Fixing the Silent confirm: true Bug in Payment Intent Creation
Fixing the Silent confirm: true Bug in Payment Intent Creation
Release: v1.0.100
Background
Calmony Pay's SDK is designed to be familiar to developers who have used Stripe. As part of that design, the original CreatePaymentIntentParams TypeScript interface included two Stripe-compatible fields:
confirm?: boolean
return_url?: string
In Stripe's API, passing confirm: true when creating a payment intent triggers automatic confirmation in a single request — the intent is created and immediately charged without a separate confirm call.
The Problem
While these fields were present in the SDK's TypeScript interface, the Calmony Pay server (POST /v1/payment_intents) did not implement the corresponding logic. The createPaymentIntentSchema on the server silently discarded both fields.
The result: a caller passing confirm: true would receive a 200 OK response and a valid payment intent object — but the intent would be in requires_confirmation status, not confirmed. No error was raised. No warning was returned. The flag was simply ignored.
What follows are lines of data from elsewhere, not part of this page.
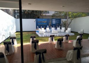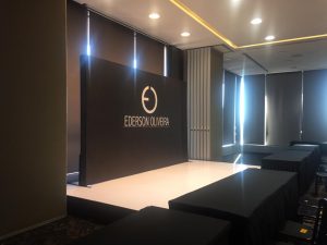Mamparas para presencia de marca y entarimados para decoración de congresos en hoteles y salones de conferencias y capacitación. Así como Muros Publicitarios BTL, Backs para Alfombra Roja, Photo Opportunity y Presswall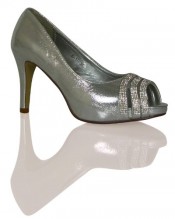 Y2C Womens Ladies Mid High Heel Wedding Bridal Stiletto Diamante Party Shoe Size SILVER SHOES Size 5 UK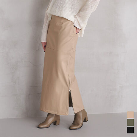 サイドスリットファスナーレザースカート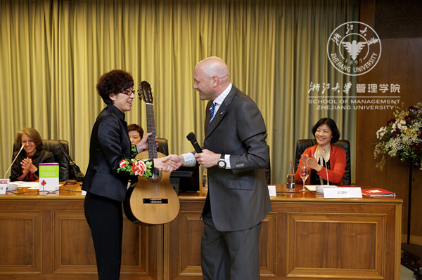 万事利董事局主席屠红燕女士接受西班牙友人赠礼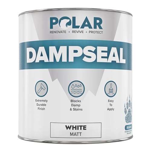 Polar Damp Seal Paint - 1L, White - Primer & Topcoat for Indoor Walls & Ceilings - Mould Resistant Stain Blocker Paint - Quick Drying for Wood, Plaster, Cement and Stone - Matt Finish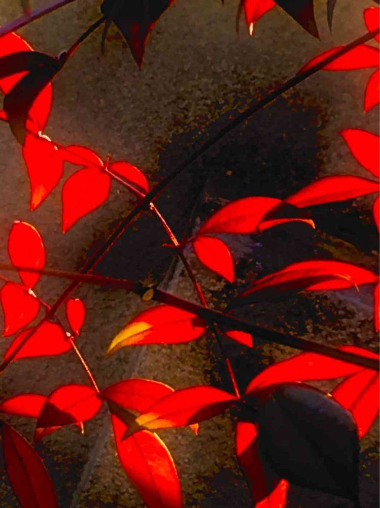 赤い実をつけるナンテンは葉っぱも真っ赤になります。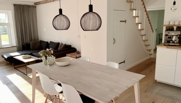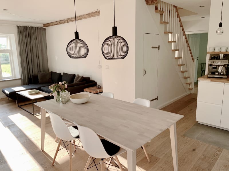 Wir bieten euch Raum für Erholung und Entspannung in unseren teilweise baubiologisch ausgebauten und renovierten 5-Sterne Ferienwohnungen (Hofappartement, Gartenappartement und Messingbettappartement), die sich im Obergeschoss des Bauernhauses befinden. Freiliegende Holzbalken, Lehmwände mit Wandstrahlungsheizung und teilweise Holzböden sowie die helle und freundliche Atmosphäre sind mit Feinsinn gewählt. Kein Appartement ist wie das andere, jedes ist individuell eingerichtet. Drei Ferienhäuser, die unweit des Hofes liegen, bieten Raum für die unterschiedlichsten Bedürfnisse. Das 5-Sterne Luxushaus "NordseeStil" lässt keine Wünsche offen, Sauna, Kaminofen, 2 Terrassen und drei Schlafzimmer ist im modernen Skandistil eingerichtet. Unsere idyllisch gelegene 4-Sterne "Reetdachkate 1813" mit Kaminofen und zwei Schlafzimmern ist modern renoviert und typisch für die Region. Oft dient das Haus als Postkartenmotiv, gerade wegen des alt angelegten Bauerngartens. Für den einfachen Geschmack bietet unser Ferienhaus "Die Scheune" preisgünstigen Urlaub. Das ehemalige Wirtschaftsgebäude des Verwalterhauses haben wir renoviert und bietet zwei Schlafzimmer und eine Wohnküche ohne Geschirrspülmaschine und im Duschbad steht eine Waschmaschine. Zum großen gemeinschaftlichen Garten mit dem Haus NordseeStil befindet sich eine eigene Sonnenterrasse mit Holzkohlegrill. Der Garten mit Blick über die anliegenden Felder bietet viel Platz zum Spielen, zum Zurückziehen und im Herbst kann man das Obst von den Bäumen ernten. Mit einer geschmack- und stilvollen Einrichtung möchten wir euch den Aufenthalt bei uns so angenehm wie möglich gestalten.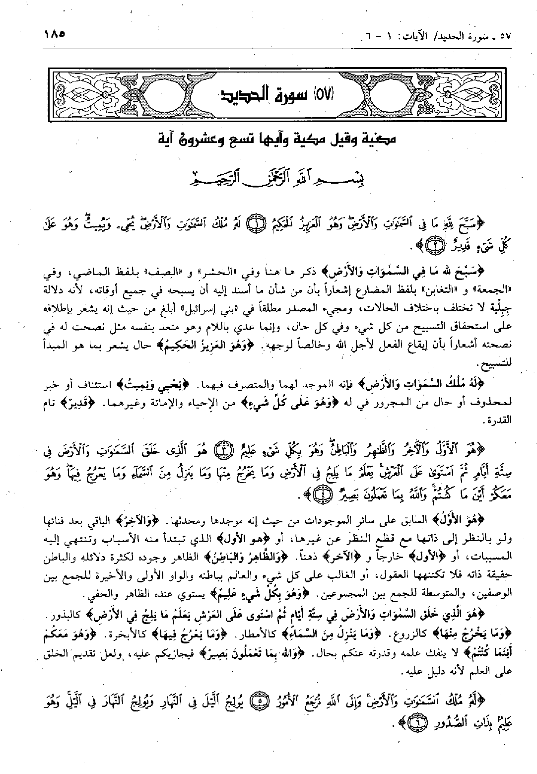 سَبَّحَ لِلَّهِ مَا فِي السَّماواتِ وَالْأَرْضِ وَهُوَ الْعَزِيزُ الْحَكِيمُ (1) لَهُ مُلْكُ السَّماواتِ وَالْأَرْضِ يُحْيِي وَيُمِيتُ وَهُوَ عَلى كُلِّ شَيْءٍ قَدِيرٌ (2)

This is a particularly dangerous class of bug. The SDK's type signature advertised a capability the server did not provide, and the failure mode was invisible at call time.
Example of affected code
// Before v1.0.100 — this looked valid but confirm was silently ignored
const intent = await calmonyPay.createPaymentIntent({
amount: 4999,
currency: 'gbp',
confirm: true, // ⚠️ silently stripped by server
return_url: 'https://example.com/complete', // ⚠️ silently stripped
});
// intent.status === 'requires_confirmation'
// — NOT confirmed, despite confirm: true being passed
The Fix
Rather than implement partial Stripe-compatibility that could mask further edge cases, the confirm and return_url fields have been removed from CreatePaymentIntentParams. The SDK interface now precisely matches what the server accepts and processes.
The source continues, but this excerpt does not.